-------- Given entries
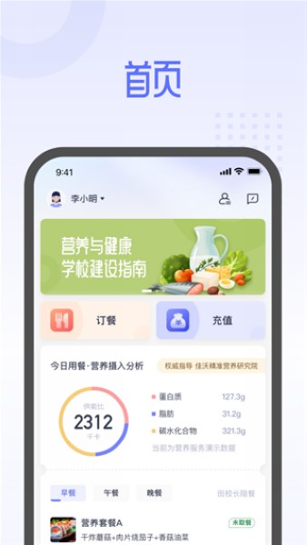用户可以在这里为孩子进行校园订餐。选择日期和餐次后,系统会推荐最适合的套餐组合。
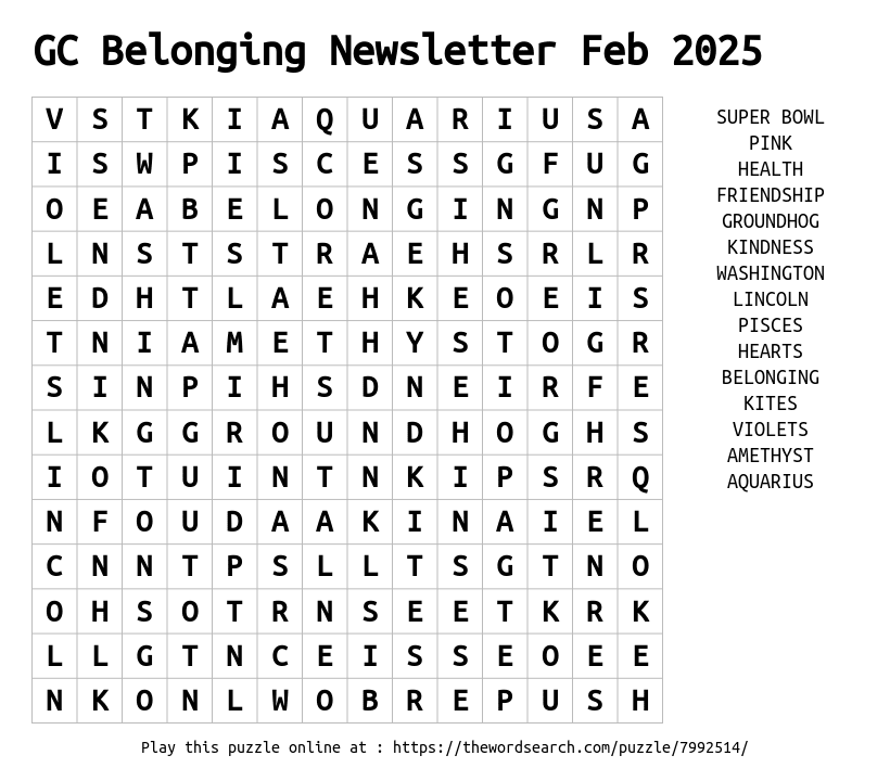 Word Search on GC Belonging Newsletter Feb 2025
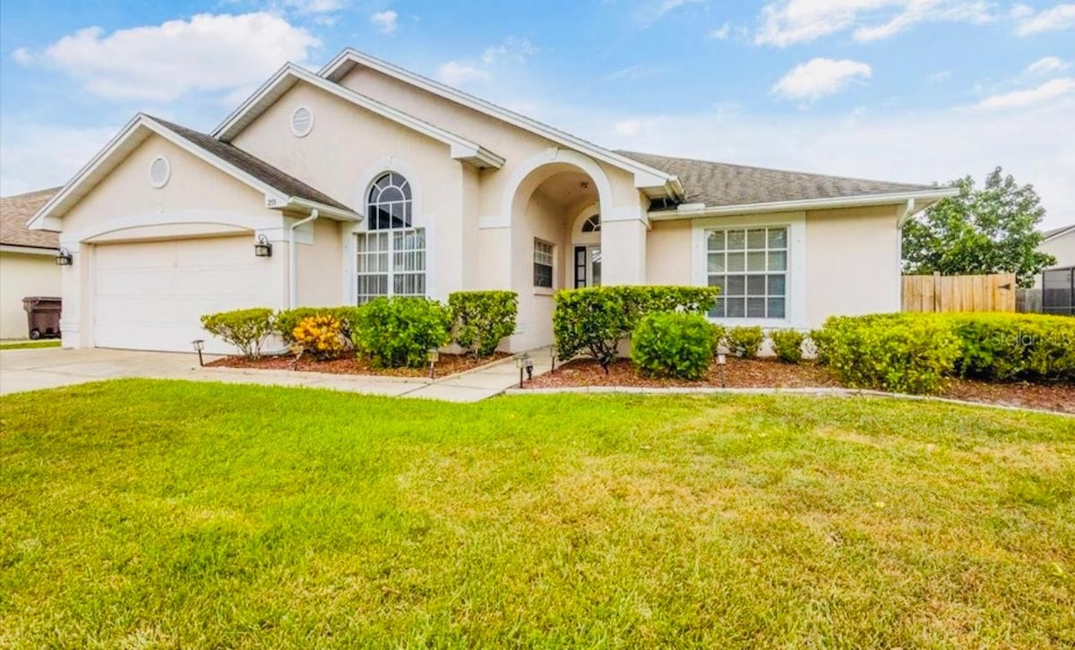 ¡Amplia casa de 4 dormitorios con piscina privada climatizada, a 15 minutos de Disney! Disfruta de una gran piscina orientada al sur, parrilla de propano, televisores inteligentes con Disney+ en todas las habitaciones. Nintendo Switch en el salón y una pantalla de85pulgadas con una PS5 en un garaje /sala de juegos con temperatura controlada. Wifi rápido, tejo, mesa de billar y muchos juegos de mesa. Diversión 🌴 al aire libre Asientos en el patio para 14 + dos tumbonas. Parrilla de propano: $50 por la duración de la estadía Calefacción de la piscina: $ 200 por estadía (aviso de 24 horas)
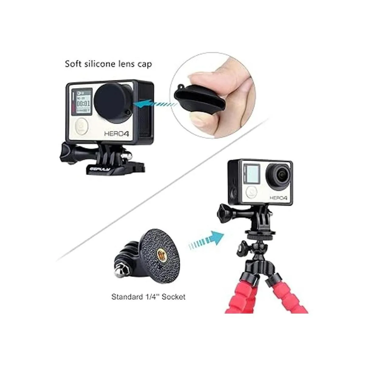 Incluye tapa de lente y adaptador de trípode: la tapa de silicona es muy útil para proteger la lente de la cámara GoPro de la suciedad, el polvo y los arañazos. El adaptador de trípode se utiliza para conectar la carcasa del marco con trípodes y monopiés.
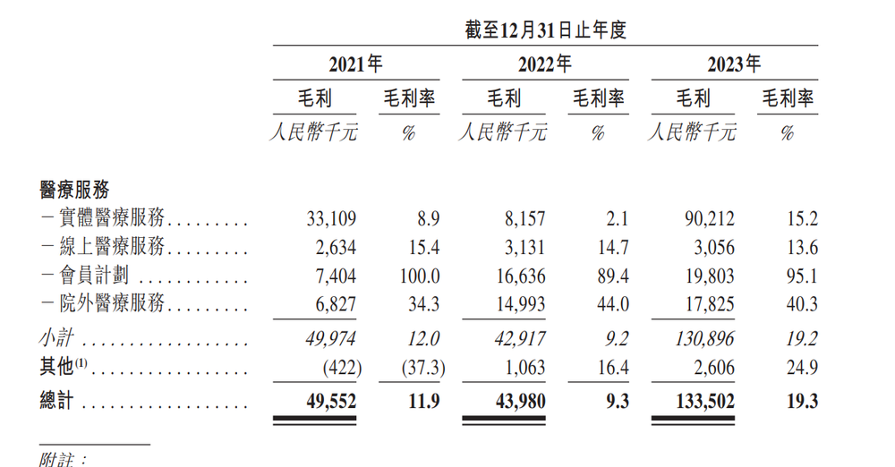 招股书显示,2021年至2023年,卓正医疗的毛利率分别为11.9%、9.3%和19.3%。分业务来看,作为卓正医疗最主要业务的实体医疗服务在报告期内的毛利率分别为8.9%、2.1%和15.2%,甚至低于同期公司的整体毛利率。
----------------
» **What you have to do**
Only the lines from the one containing "de 24 horas)" through the end of the records above should be retyped, exactly as they stand, with any pictures left out.

» **Result**
 ¡Amplia casa de 4 dormitorios con piscina privada climatizada, a 15 minutos de Disney! Disfruta de una gran piscina orientada al sur, parrilla de propano, televisores inteligentes con Disney+ en todas las habitaciones. Nintendo Switch en el salón y una pantalla de85pulgadas con una PS5 en un garaje /sala de juegos con temperatura controlada. Wifi rápido, tejo, mesa de billar y muchos juegos de mesa. Diversión 🌴 al aire libre Asientos en el patio para 14 + dos tumbonas. Parrilla de propano: $50 por la duración de la estadía Calefacción de la piscina: $ 200 por estadía (aviso de 24 horas)
 Incluye tapa de lente y adaptador de trípode: la tapa de silicona es muy útil para proteger la lente de la cámara GoPro de la suciedad, el polvo y los arañazos. El adaptador de trípode se utiliza para conectar la carcasa del marco con trípodes y monopiés.
 招股书显示,2021年至2023年,卓正医疗的毛利率分别为11.9%、9.3%和19.3%。分业务来看,作为卓正医疗最主要业务的实体医疗服务在报告期内的毛利率分别为8.9%、2.1%和15.2%,甚至低于同期公司的整体毛利率。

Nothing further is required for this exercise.